Dara Horn is the author of four novels: In the Image (2003), The World to Come (2006), All Other Nights (2009), and A Guide for the Perplexed (2013). She is also the author of a nonfiction ebook, The Rescuer (2011), and co-editor of an academic anthology, Arguing the Modern Jewish Canon (2008). A Harvard Ph.D. in Hebrew and Yiddish literature, she has taught these literatures as a visiting professor at Sarah Lawrence College, City University of New York, and Harvard University, and has lectured at over 200 universities and cultural institutions throughout North America, Australia and Israel.

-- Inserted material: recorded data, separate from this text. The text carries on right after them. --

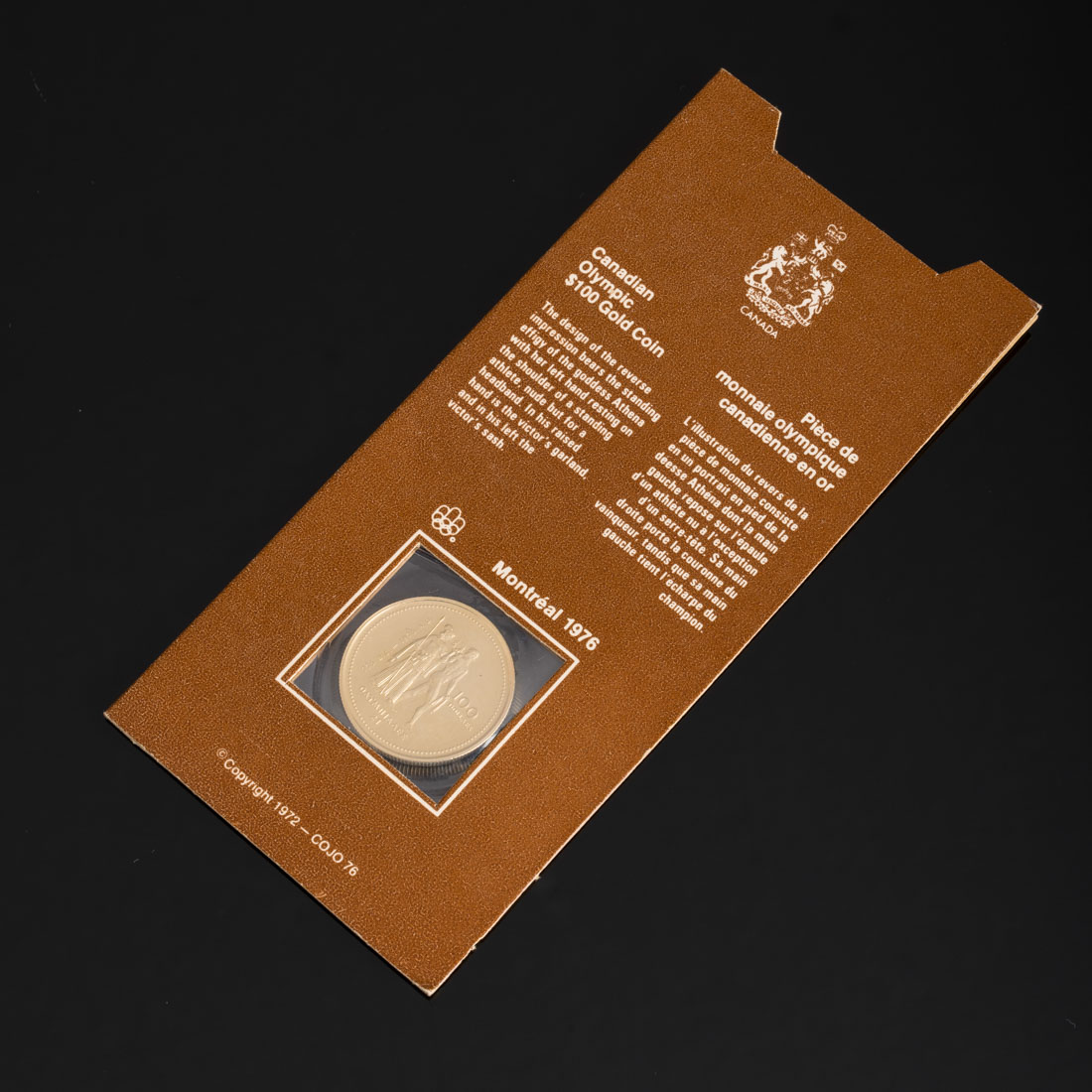 Em ouro de 14Kt., dos Jogos Olímpicos de Verão - Montreal 1976. Estojo original.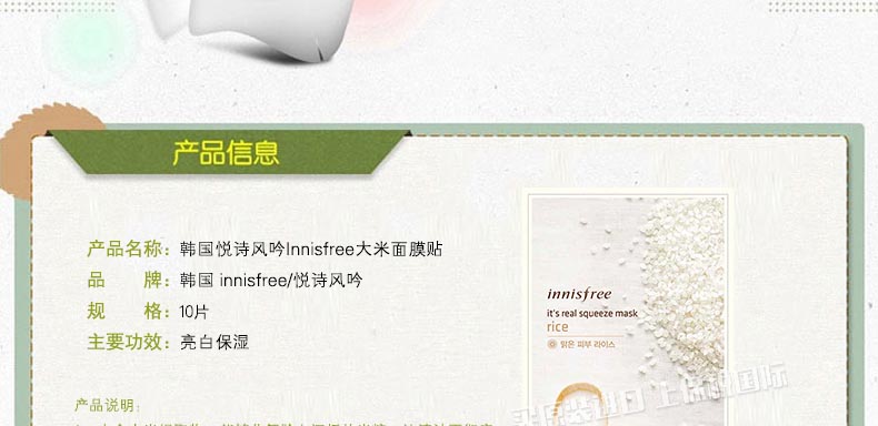 韓國悅詩風吟Innisfree大米面膜貼 皙白亮彩 補水祛黃緊致肌膚化妝品 20ml/片 10片裝 韓國直郵 |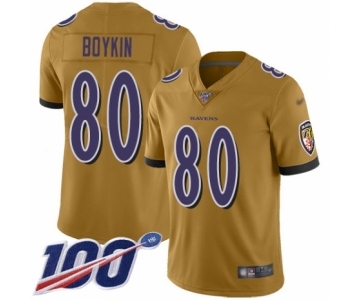 Youth Baltimore Ravens #80 Miles Boykin Limited Gold Inverted Legend 100th Season Football Jersey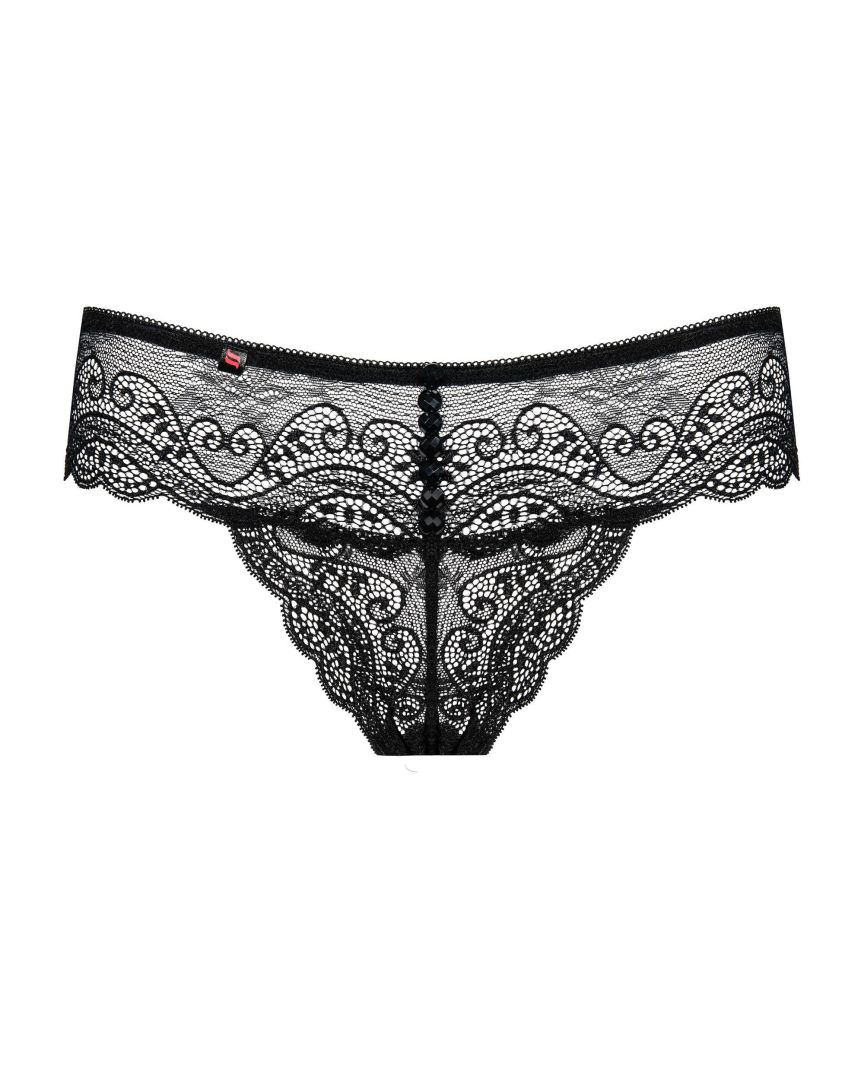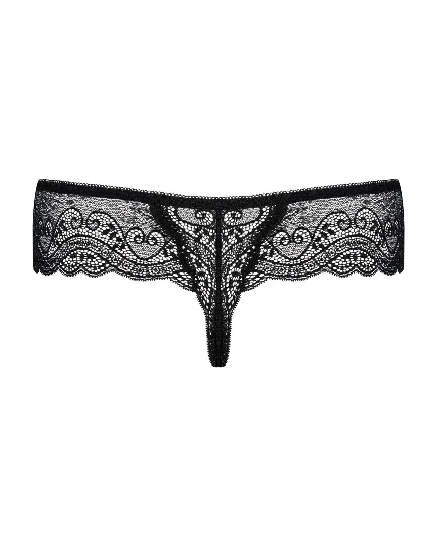 String sexy de fine dentelle de la marque de lingerie Obsessive. Un string noir particuli�rement �l�gant d'une dentelle aux motifs glamour qui forme une large ceinture. Ce string coquin est compos� de 90% polyamide 10% elasthane. Consultez les mod�les de la�collection Miamor

Courtesy the Stroum Center for Jewish Studies
Tzilla
I don’t think this article gives a very comprehensive view of what is out there for learning Hebrew. There are online classes in Hebrew which include games. There are online classes with native speakers too, including 1:1 options. I also did not think her conclusion really explains why most people do or should learn Hebrew – to make sure Holocaust victims names are not lost in translation. I think an article emphasizing all the wonderful things about Israel today to learn in Israel’s native language would be more inspiring.
Exactly Susan!
I was waiting….nu….so….how do I teach my kids Hebrew what tools did she use? What worked for her? As a writer she should know that the title of her essay is misleading.
I found a typo in my earlier verison — please post this version instead Thanks.
The absence of Hebrew in much of American Jewish life is certainly remarkable but not surprising. I grew up in a small city and learned some very basic Hebrew at a Reform Jewish summer camp in Wisconsin. After a year of college Hebrew, I went to Israel for a year, where the Hebrew University ulpan claimed (as I recall) to be able to move people in a year from aleph-bet to understanding a university lecture in Hebrew. Though most of my overseas student courses were not in Hebrew, that was more or less true. And I was able to study another year in Israel in rabbinical school, taking almost all my courses in Hebrew.
Where and when might (non-Israeli) Americans ever use or refresh their Hebrew outside of visiting Israel? Clearly, the internet and films/television offer some possibilities. But there are few efforts to speak to (literally) those who would understand Hebrew in North America outside the Orthodox and Israeli ex-pat communities.
Two examples and a modest proposal: 1) In the late 1970s and early 80s, the Association for Jewish Studies (the association of Jewish academics) would have two major addresses: one after an opening banquet in English; and one the second night of the conference by an Israeli academic in Hebrew. The operating assumption was that an American Jewish scholar would in most cases be able to understand this — an assumption no longer true, and the talk is no longer held. I don’t think any sessions are now held in Hebrew at the AJS.
2) At the synagogue I attend in Philadelphia, Germantown Jewish Centre, a parashat ha-shavua b’ivrit (weekly Torah portion in Hebrew) group has met monthly for over 10 years. Until the last year or so, there were no Israelis, only Americans who had studied or lived in Israel (or on occasion in day school). Participants vary in levels, and assist each other with vocabulary and grammar. This is a peer-led participatory sophisticated discussion.
3) Most Israelis who visit the US speak publicly in English. Israelis should realize that there are Americans who visit Israel who speak good (if perhaps not perfect) Hebrew and can speak to peers in that language. I have done this as part of my last few visits to Israel. Few conferences or trips even consider this an option, leaving visitors largely in an English bubble. Most North Americans need this, but what about those who would welcome a chance to engage in Hebrew?